Neil Gaiman–Make Good Art

Today I received an email with a link to Zen Pencils. There are some illustrations based on comments made by Neil Gaiman in a commencement address given to the University of the Arts. Thank you Neil for reminding me to not forget “the journey to my destination.” Sometimes I allow life stuff to consume my studio time.

Neil stated that he learned to write by writing. That brought to mind Art & Fear, a book that I read during my first year of college teaching. There is a story about a ceramics class and their project for the term. The class was divided into two groups–the “quantity” group and the “perfection” group. The quantity group would be evaluated on the weight of their work at the end of the term and the perfection group would be evaluated on their one perfect pot.

Most folks know that the more work you make, the better work you make. Mistakes and pieces that don’t quite work can offer loads of important information, perhaps even new techniques added to your bag of tricks. I feel that making lots of work allows me to be more creative and not too fussy with a single piece.

If a piece doesn’t quite work, why? Perhaps something does–the combination of materials, a technique that I might want to develop, or maybe the work is so ugly a hammer is in order.

In undergrad there was the Ugly Wall and in grad school Bisque Ware Bowling.

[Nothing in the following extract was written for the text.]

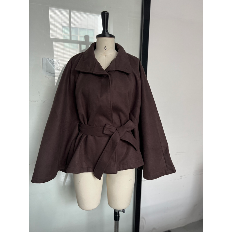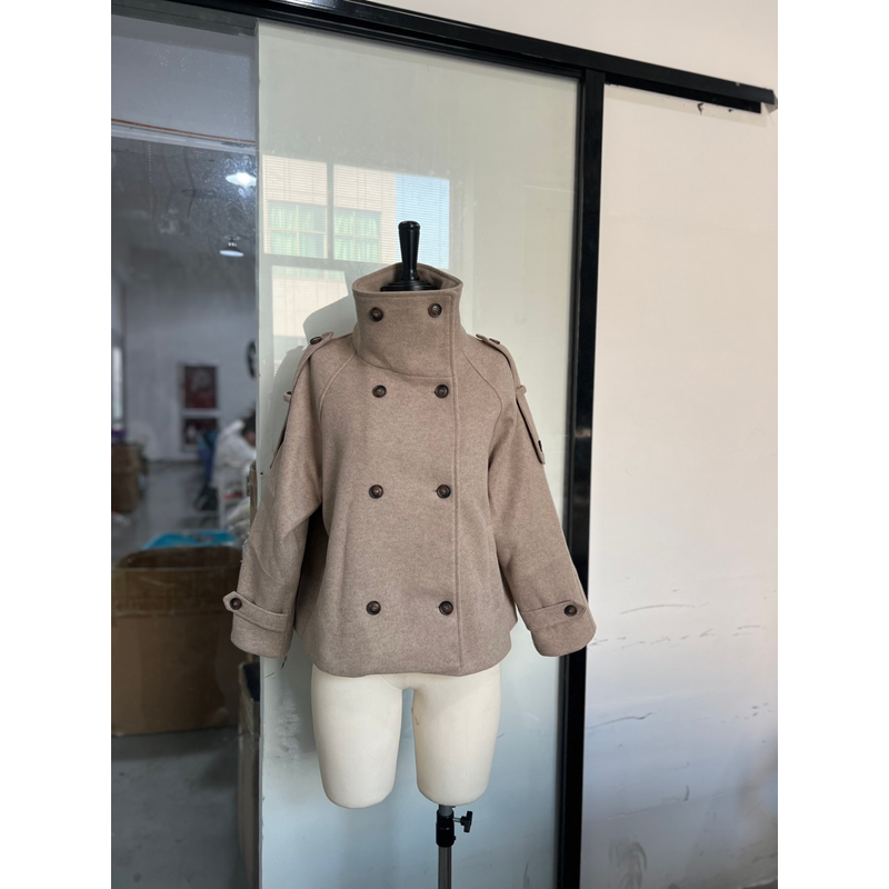 Casual Solid Woolen Coats Women Loose Full Sleeve Single Breasted Stand Collar Short Jackets Female 2025 Autumn Lady Outwears

“the journey to my destination”

I had the pleasure of taking a film class when I was an undergrad. Much has stuck with me. We viewed François Truffaut’s film, Day for Night, a film within a film. Truffaut is the director of the film and plays Ferrand, the director in the film. There is a quote about process that often comes to mind when I am working on a piece and something isn’t going quite right.

“Shooting a movie is like a stagecoach trip. At first you hope for a nice ride. Then you just hope to reach your destination.”

The titles of my Avian Headboxes are the result of my love of literature and film.

A few of the titles are Ferrand  from Day for Night, Adele  from The Story of Adele H., and Victor  from The Wild Child.